What the task requires
Leave the pictures out and quote every line from the start of the listing to the line with "在加州北部和中部大部分地区持", inclusive.

Collected material
BEGIN

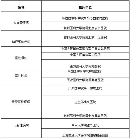 附第一批國家臨床醫學研究中心名單
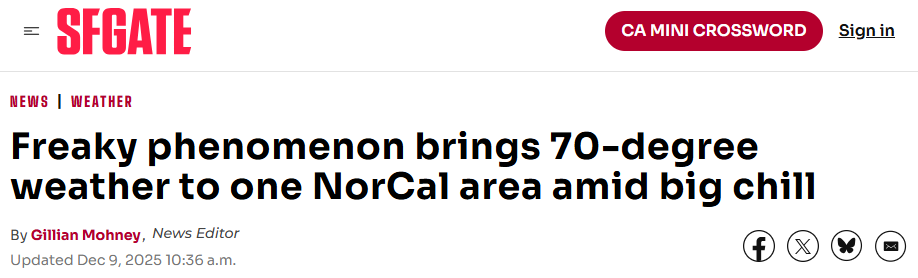 在加州北部和中部大部分地区持续应对寒冷天气之际,温暖的空气抵达沿海地带。包括湾区部分地区在内的多个区域,最低气温仍在30至40华氏度之间。通常沿海温度比内陆更低,但此次在风向与地形共同作用下,沿海地区出现了反向升温。
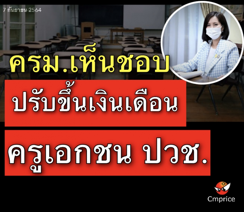 สรุปมติคณะรัฐมนตรี เมื่อวันที่ 7 กันยายน 2564 ที่เกี่ยวข้องกับกระทรวงศึกษาธิการ เห็นชอบการปรับอัตราเงินอุดหนุนรายบุคคล ในส่วนของเงินสมทบเป็นเงินเดือนครูสำหรับนักเรียนในโรงเรียนเอกชน ประเภทอาชีวศึกษา ระดับ ปวช. เพื่อประกันรายได้ครูโรงเรียนเอกชน ให้ได้รับเงินเดือนไม่ต่ำกว่าอัตราขั้นต่ำที่ทางราชการกำหนด ตั้งแต่ปีงบประมาณ พ.ศ.2565
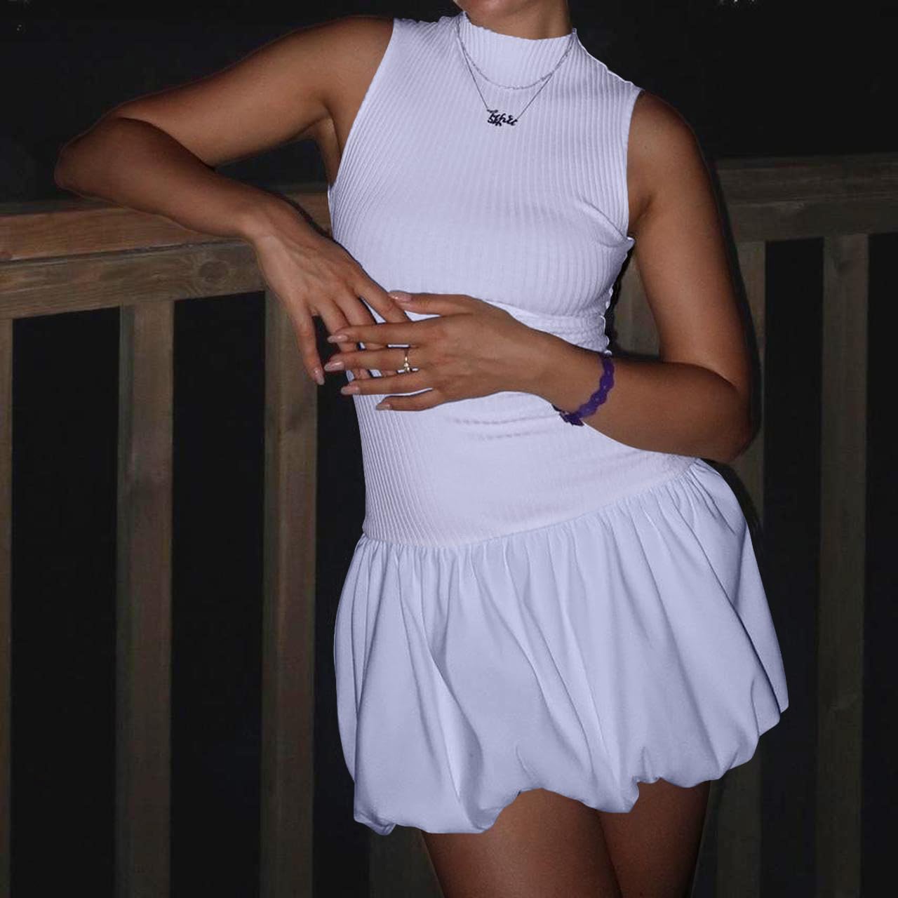 Bubble Skirt Short Dresses Purple Medium 5

END

Exercise solution
 附第一批國家臨床醫學研究中心名單
 在加州北部和中部大部分地区持续应对寒冷天气之际,温暖的空气抵达沿海地带。包括湾区部分地区在内的多个区域,最低气温仍在30至40华氏度之间。通常沿海温度比内陆更低,但此次在风向与地形共同作用下,沿海地区出现了反向升温。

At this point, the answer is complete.